===== INPUT RECORDS

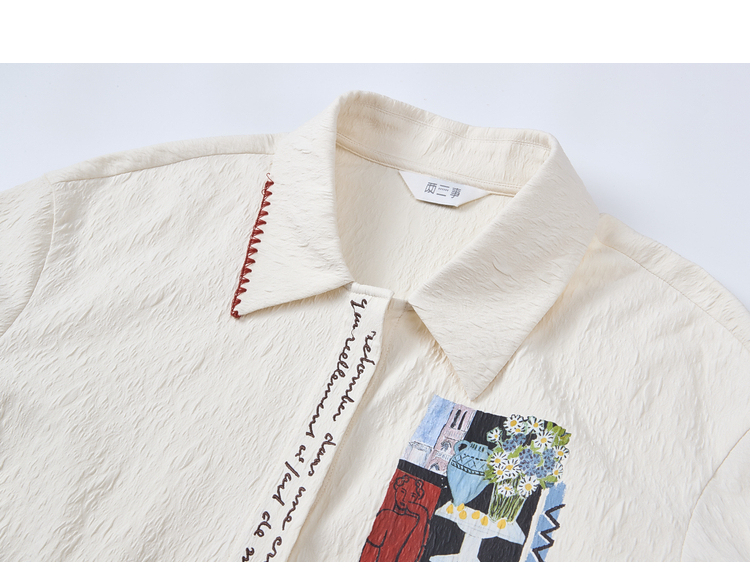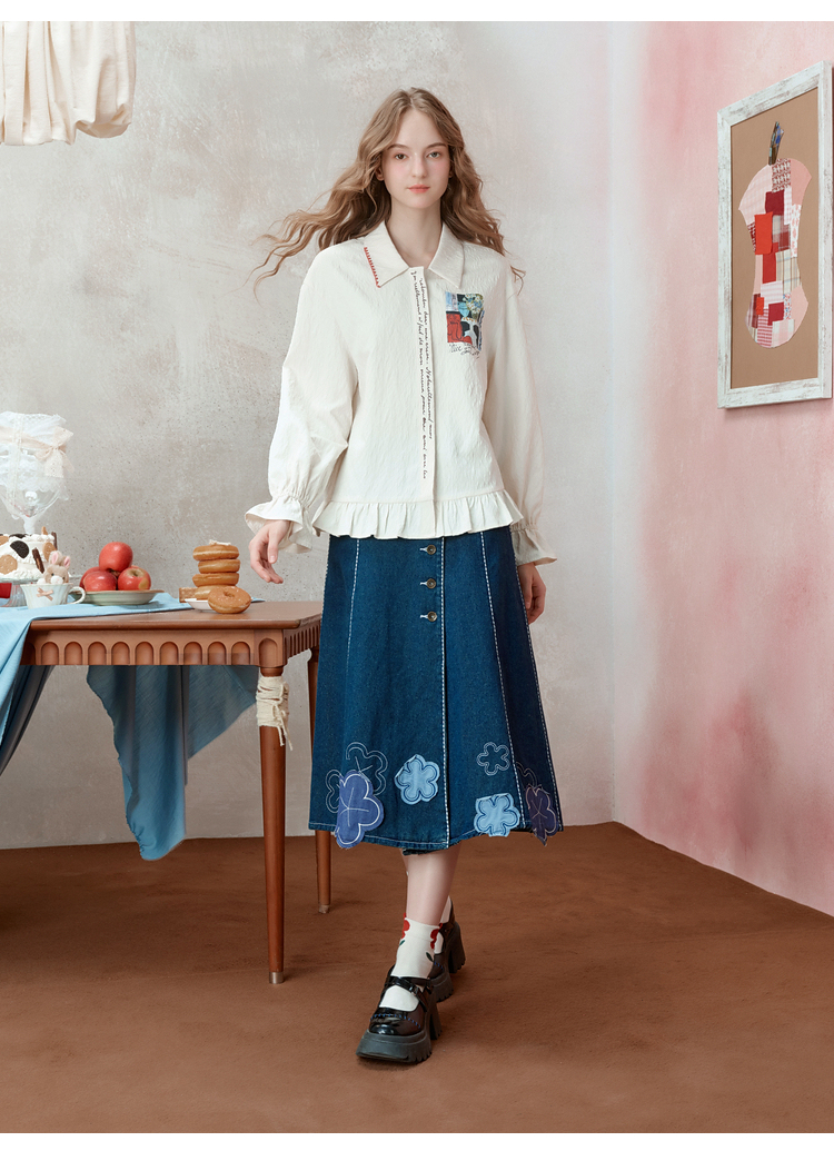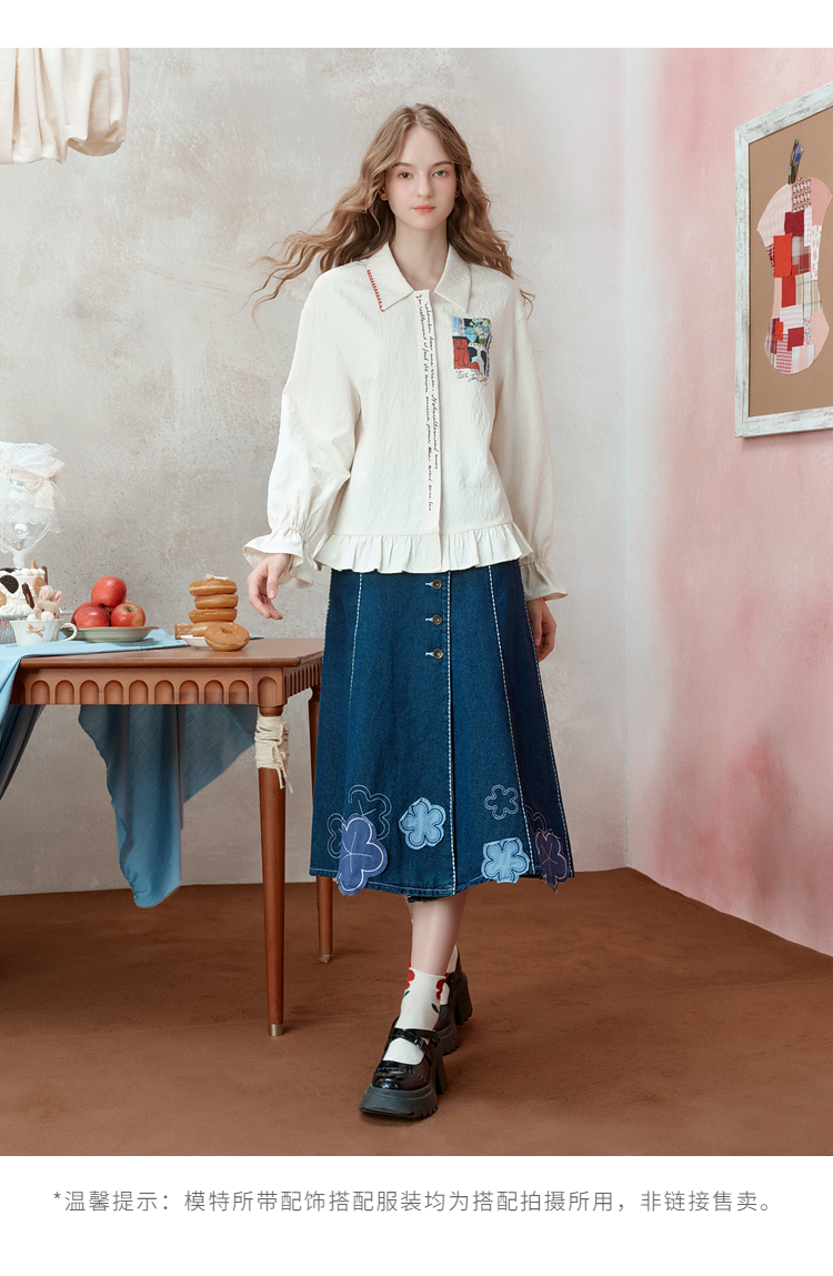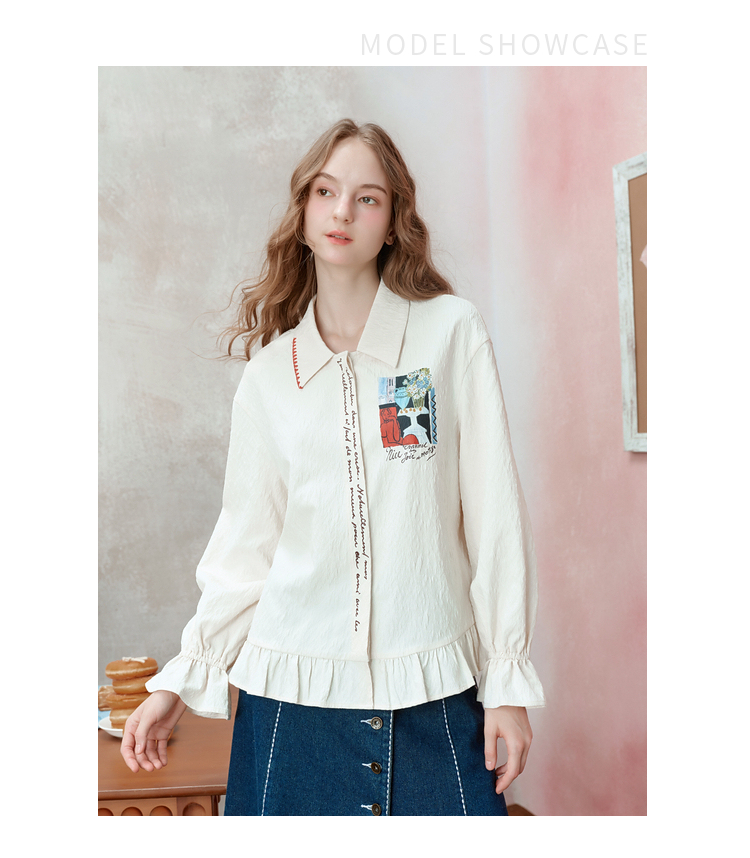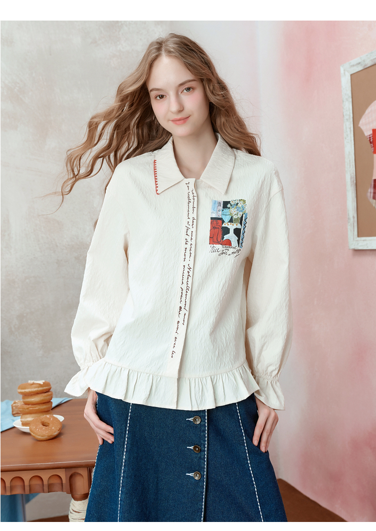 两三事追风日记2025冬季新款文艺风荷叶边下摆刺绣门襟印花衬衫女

==========
===== INPUT RECORDS

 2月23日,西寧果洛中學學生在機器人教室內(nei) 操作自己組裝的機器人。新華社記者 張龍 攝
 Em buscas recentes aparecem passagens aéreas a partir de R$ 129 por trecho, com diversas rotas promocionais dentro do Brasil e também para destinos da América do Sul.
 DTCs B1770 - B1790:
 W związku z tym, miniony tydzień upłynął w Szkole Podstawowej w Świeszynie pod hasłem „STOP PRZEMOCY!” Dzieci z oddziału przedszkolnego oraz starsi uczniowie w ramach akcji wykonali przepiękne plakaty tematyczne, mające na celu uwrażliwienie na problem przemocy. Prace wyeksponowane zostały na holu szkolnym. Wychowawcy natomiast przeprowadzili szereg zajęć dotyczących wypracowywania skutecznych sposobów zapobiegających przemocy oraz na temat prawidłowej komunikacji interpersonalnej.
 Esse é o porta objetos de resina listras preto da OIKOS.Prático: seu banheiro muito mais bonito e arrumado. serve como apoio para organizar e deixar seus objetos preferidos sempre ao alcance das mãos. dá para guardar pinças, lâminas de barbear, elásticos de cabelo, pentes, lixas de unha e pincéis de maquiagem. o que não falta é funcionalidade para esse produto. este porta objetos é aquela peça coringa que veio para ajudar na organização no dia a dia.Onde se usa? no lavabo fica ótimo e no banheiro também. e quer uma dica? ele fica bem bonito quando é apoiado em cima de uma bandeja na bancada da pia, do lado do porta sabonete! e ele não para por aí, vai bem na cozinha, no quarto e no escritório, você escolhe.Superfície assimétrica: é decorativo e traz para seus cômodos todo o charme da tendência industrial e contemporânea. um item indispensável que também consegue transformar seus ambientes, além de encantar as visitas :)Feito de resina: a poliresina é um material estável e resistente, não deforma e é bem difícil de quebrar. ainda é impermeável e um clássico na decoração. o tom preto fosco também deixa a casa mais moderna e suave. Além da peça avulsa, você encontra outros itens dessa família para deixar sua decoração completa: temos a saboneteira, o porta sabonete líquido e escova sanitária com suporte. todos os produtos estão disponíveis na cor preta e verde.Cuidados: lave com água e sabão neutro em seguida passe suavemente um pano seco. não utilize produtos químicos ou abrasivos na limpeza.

==========
===== INPUT RECORDS

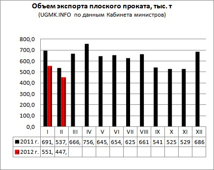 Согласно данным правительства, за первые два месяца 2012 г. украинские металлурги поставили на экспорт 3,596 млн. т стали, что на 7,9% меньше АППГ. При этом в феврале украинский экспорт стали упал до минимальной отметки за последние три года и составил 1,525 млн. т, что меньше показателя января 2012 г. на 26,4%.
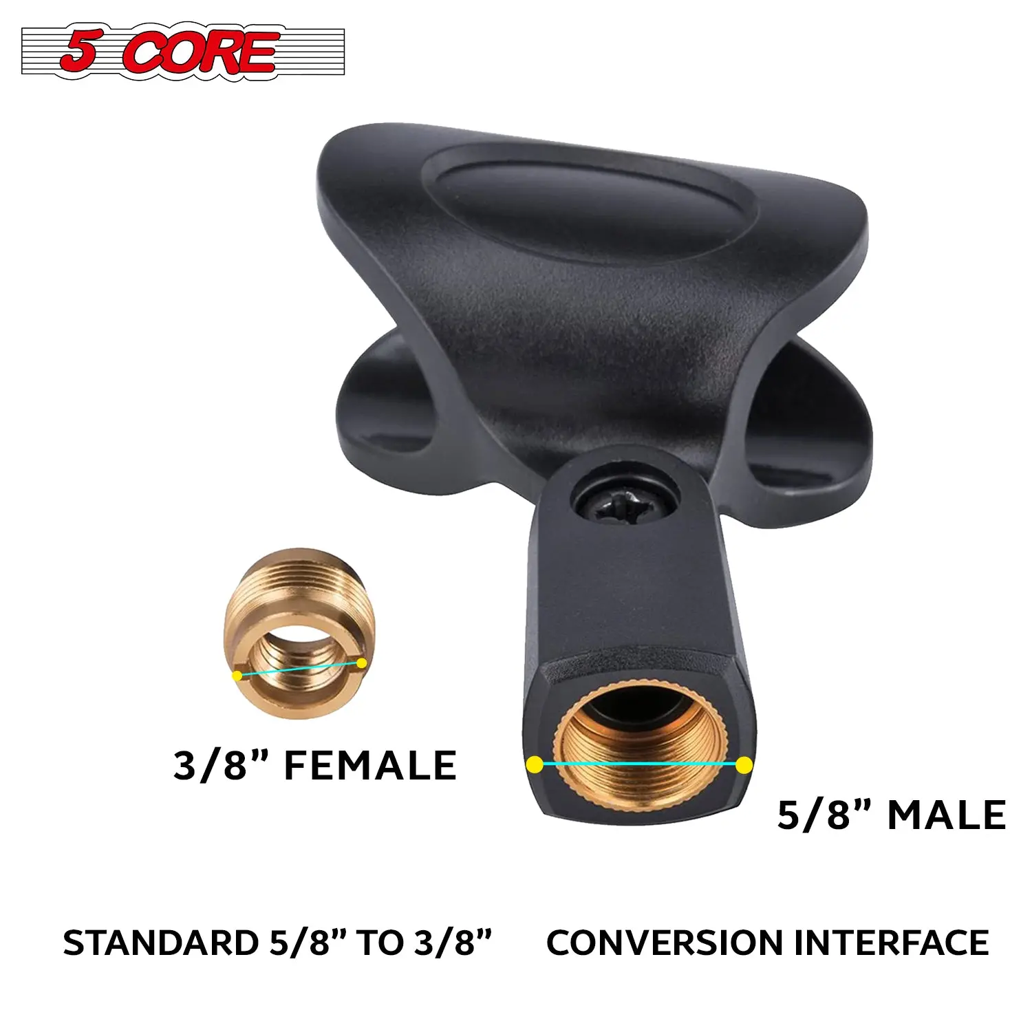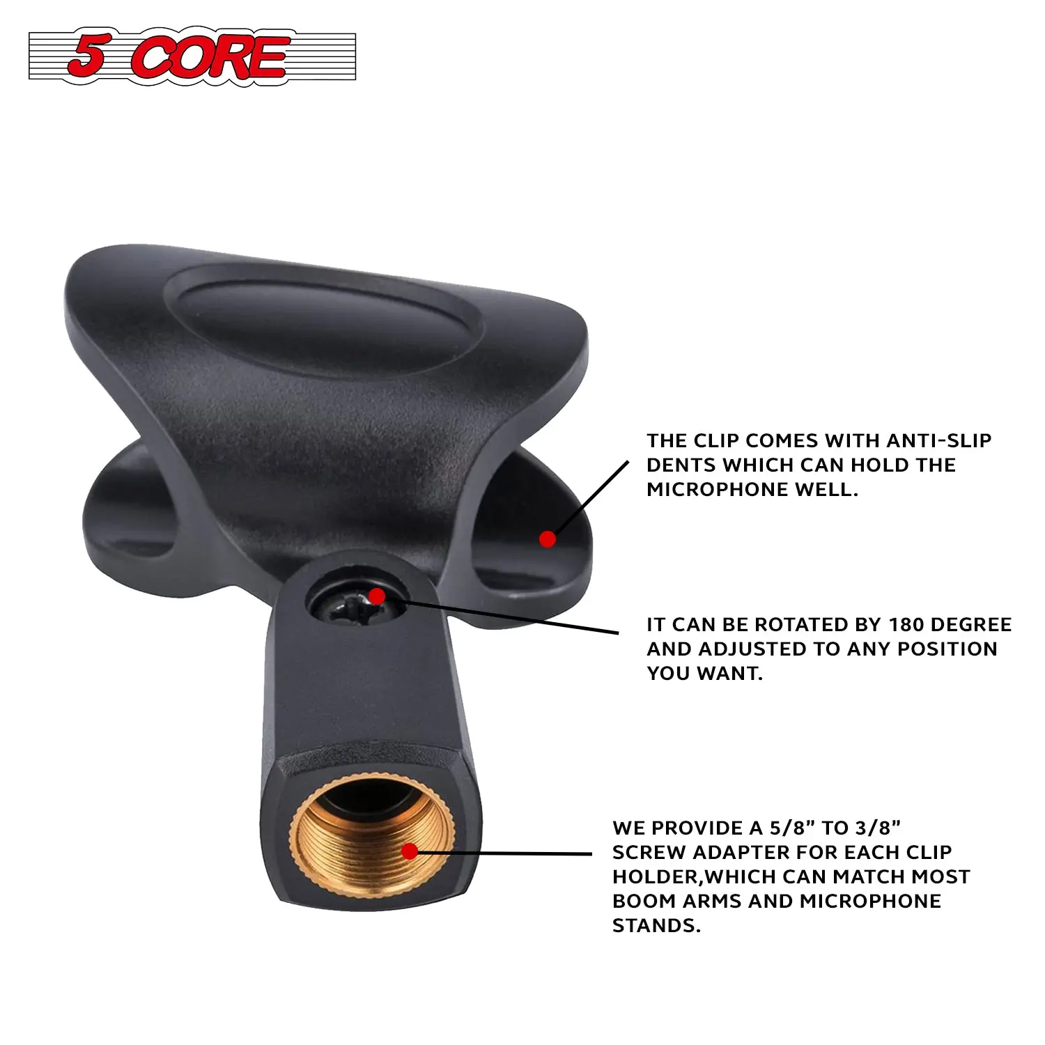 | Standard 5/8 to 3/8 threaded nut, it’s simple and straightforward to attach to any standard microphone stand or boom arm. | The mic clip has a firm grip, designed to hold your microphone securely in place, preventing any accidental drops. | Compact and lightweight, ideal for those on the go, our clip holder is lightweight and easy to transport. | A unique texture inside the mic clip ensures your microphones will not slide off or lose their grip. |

==========

WHAT THE TASK REQUIRES
Above are the entries. Copy exactly the part that opens with the line containing "Em buscas recentes" and closes with the line containing "W związku z", and no more.

SOLVED EXERCISE
 Em buscas recentes aparecem passagens aéreas a partir de R$ 129 por trecho, com diversas rotas promocionais dentro do Brasil e também para destinos da América do Sul.
 DTCs B1770 - B1790:
 W związku z tym, miniony tydzień upłynął w Szkole Podstawowej w Świeszynie pod hasłem „STOP PRZEMOCY!” Dzieci z oddziału przedszkolnego oraz starsi uczniowie w ramach akcji wykonali przepiękne plakaty tematyczne, mające na celu uwrażliwienie na problem przemocy. Prace wyeksponowane zostały na holu szkolnym. Wychowawcy natomiast przeprowadzili szereg zajęć dotyczących wypracowywania skutecznych sposobów zapobiegających przemocy oraz na temat prawidłowej komunikacji interpersonalnej.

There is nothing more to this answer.